Creating a Scrapy project gives spiders, settings, pipelines, and exports a predictable home once a crawl needs more than one one-off test file. Keeping one project per crawler or site family makes it easier to share middleware, item models, and feed settings without mixing unrelated jobs.
The scrapy startproject command creates a working directory that contains scrapy.cfg and a Python package with settings.py, items.py, pipelines.py, middlewares.py, and the spiders module. From that project root, commands such as scrapy settings, scrapy genspider, and scrapy crawl load the generated package as the active configuration.

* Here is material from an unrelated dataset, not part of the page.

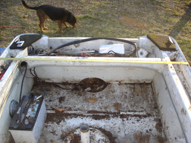 Here are some more pictures. I removed the side console and there was nothing on the left side of the transcom. The one picture attached is from the right side. I hope you can identify it from these pictures. Thank you so much for helping. I know it needs alot of work, but hopefully I will be on the water this spring. Oh it is fiberglass

The project name becomes the directory name, bot name, and Python package name, so it should use letters, numbers, and underscores rather than spaces or hyphens. Current Scrapy releases still generate ROBOTSTXT_OBEY = True in settings.py, which can make the first crawl more restrictive than older examples that assume unrestricted requests.
Related: How to install Scrapy using pip
Related: How to create a Scrapy spider
$ cd /home/user/sg-work
$ scrapy startproject catalogbot
New Scrapy project 'catalogbot', created in:
/home/user/sg-work/catalogbot
You can start your first spider with:
cd catalogbot
scrapy genspider example example.com
Spaces and hyphens make awkward or invalid import names because the project name becomes a Python package.
$ cd catalogbot
Commands such as scrapy settings, scrapy genspider, and scrapy crawl expect to run from the directory that contains scrapy.cfg.
$ ls catalogbot scrapy.cfg
$ ls catalogbot __init__.py items.py middlewares.py pipelines.py settings.py spiders
$ scrapy settings --get BOT_NAME catalogbot
If this command fails outside the project root, change back to the directory that contains scrapy.cfg.
$ scrapy settings --get NEWSPIDER_MODULE catalogbot.spiders
scrapy genspider uses this module path when it writes a new spider skeleton.
$ scrapy settings --get ROBOTSTXT_OBEY True
Generated projects still set ROBOTSTXT_OBEY to True in settings.py even though Scrapy's historical fallback setting default is False.